I think Champion titles (CH, OTCH, MACH, etc) go in front and other titles after the name. 

I don't know how it's handled in the CKC, but with the AKC if you are ever in doubt you can look your dog's registration name up on AKC.org to see how they sorted out the titles.


----------



## sammydog (Aug 23, 2008)

Just searching through the GRCA yearbook it looks like the two novice titles would come after the registered name and look like this: AGN AGNJ... I found some entered like this and some entered the way you did them: AG.N. 

Looking at the CKC rulebook it looks like AG.N., so I have no idea!? They are entered into k9data both ways...

Personally, I like it without the periods better, but of course I am probably used to seeing it that way because of GRCA and AKC...

Do you get a title certificate from CKC? That would show you!

Oh yeah, and congrats again! So excited to add those first titles!


----------



## ILoveMyGolden (Oct 19, 2006)

sammydog said:


> Just searching through the GRCA yearbook it looks like the two novice titles would come after the registered name and look like this: AGN AGNJ... I found some entered like this and some entered the way you did them: AG.N.
> 
> Looking at the CKC rulebook it looks like AG.N., so I have no idea!? They are entered into k9data both ways...
> 
> ...


I didn't even know the CKC sent (sends?) anything! I think I was supposed to get rosette's too, at the last trial, but didn't want to ask :uhoh:

I did them with the periods for now......didn't even think about no periods, hmmm....! I will ask some people this weekend, another trial! I will ask about certificate, and periods or not 

I'm sort of pumped you responded.....I LOVE watching your videos and hope we can be halfway as good as you someday


----------



## ILoveMyGolden (Oct 19, 2006)

Megora said:


> I think Champion titles (CH, OTCH, MACH, etc) go in front and other titles after the name.
> 
> I don't know how it's handled in the CKC, but with the AKC if you are ever in doubt you can look your dog's registration name up on AKC.org to see how they sorted out the titles.

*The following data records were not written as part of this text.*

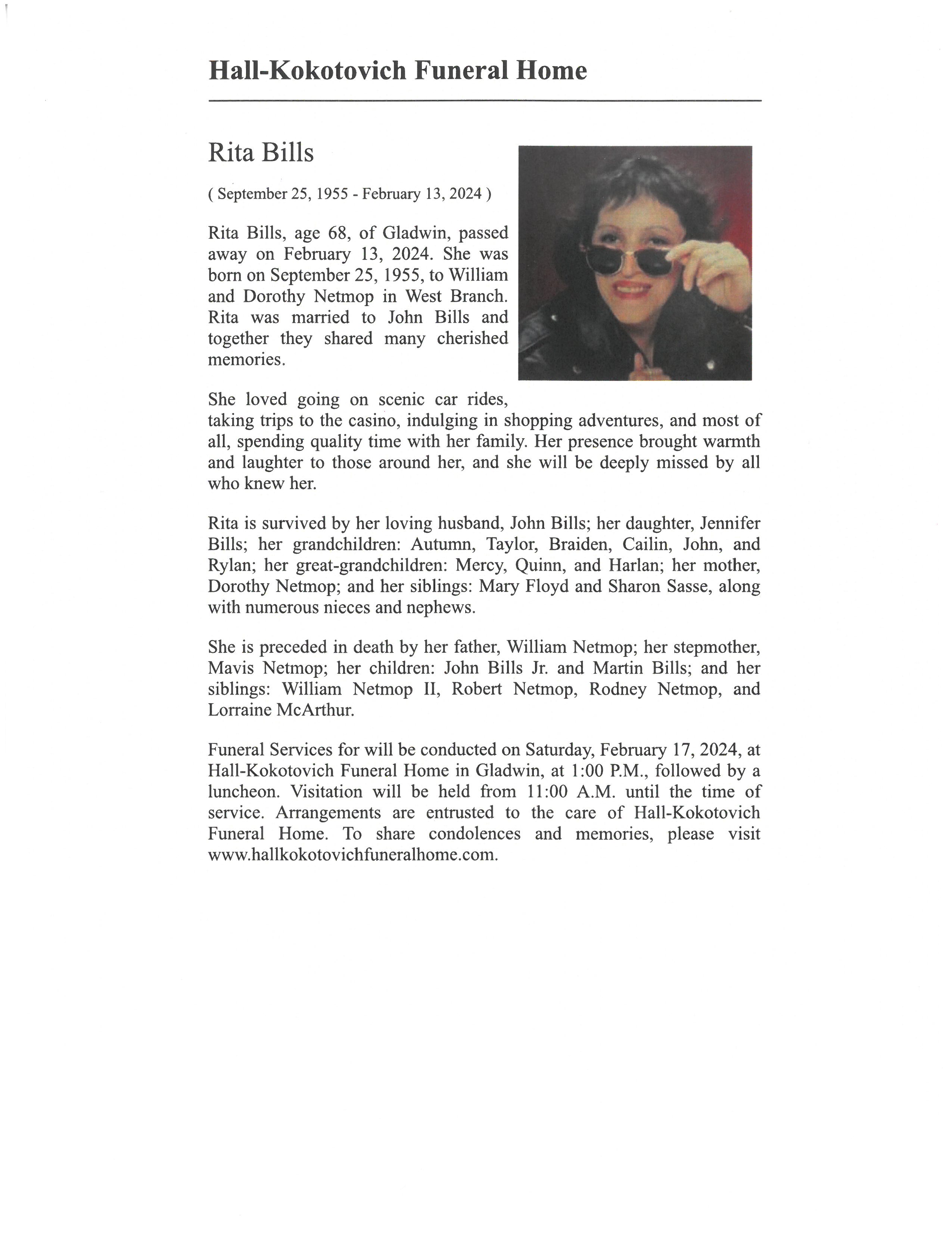 The family of Rita Viola Bills has notified the Tribal Clerk’s Office of her passing on February 13, 2024. Funeral arrangements are currently pending at this time. Rita was not a Veteran.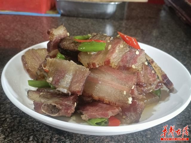 “秋风起,食腊味”,一入秋冬,新化人民会熏制腊肉。柴火腊肉以本土优质的猪肉为原料,配以适当的盐、酱油、味精、香料等香料,并利用柴炭火熏烤30—40天而成。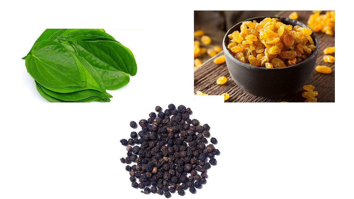 இரவு படுக்கப் போகும் முன் வெற்றிலை (2), மிளகு (2), உலர் திராட்சை (5) இவை மூன்றையும் சேர்த்து தினமும் படுக்கப் போகும் முன் வாயில் போட்டு மென்று தின்று முழுங்கவும்.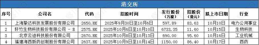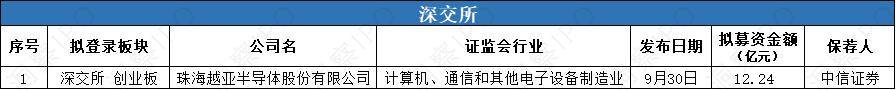 9月29日-10月9日,上交所科创板有1家公司递交上市申请;深交所创业板有1家公司递交上市申请。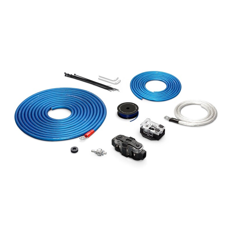 - 6.1 m Blå Premium 4 AWG/21,2mm² kabel, färdig med en massiv pressad ring terminal.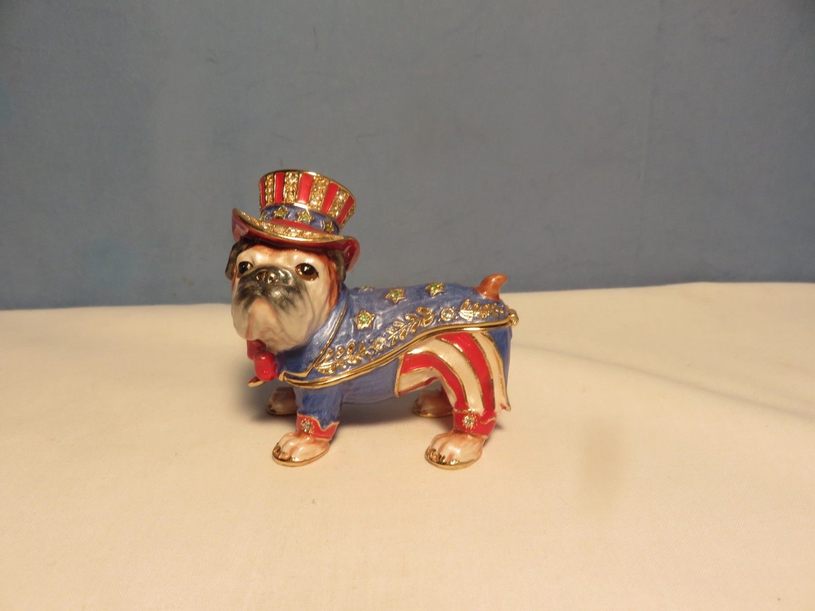 Title (ebay affiliate link): Bulldog Metal Enamel Rhinestone Trinket Box Red White Blue Hat Stars Stripes

I will have to see if I can look up on CKC! I scoured k9data a bit today to see if I could find anything, ended up just doing it as it seemed to be described in CKC rule book, we will see, thank-you!!


----------



## Kat's Dogs (Jul 31, 2012)

Yep, you've got the right idea!  Your Novice titles can be listed after Fin's name, just as you have it in K9 Data now. And you absolutely should be proud to show off Fin's new "alphabet soup". Congratulations!!!!!!

When you move up to Intermediate and earn those titles, they will replace his Novice titles, and then Excellent titles will replace the Intermediate ones, and so on. The championship titles are the only ones that go before the dog's name, and they are put in addition to highest titles earned after the name. Like so:

*RegisteredName AGN AGNJ*

and eventually....

*AGMCH Registered Name AGMX AGMXJ*

The people I know who compete in CKC typically drop the periods so that each title is easier to read and they fit in with their titles from other organizations (such as the AAC - Agility Association of Canada), but it is really personal preference. I have also seen some CKC people use lower case letters instead of the periods. So you have AGN, AgN, or AG.N. or maybe even Ag.N. Your choice!  Good luck at the trial next weekend!


----------



## ILoveMyGolden (Oct 19, 2006)

Kat's Dogs said:


> Yep, you've got the right idea!  Your Novice titles can be listed after Fin's name, just as you have it in K9 Data now. And you absolutely should be proud to show off Fin's new "alphabet soup". Congratulations!!!!!!
> 
> When you move up to Intermediate and earn those titles, they will replace his Novice titles, and then Excellent titles will replace the Intermediate ones, and so on. The championship titles are the only ones that go before the dog's name, and they are put in addition to highest titles earned after the name. Like so:
> 
> ...


Wow, thank-you! Ok....maybe I will go back to K9data and take out the periods!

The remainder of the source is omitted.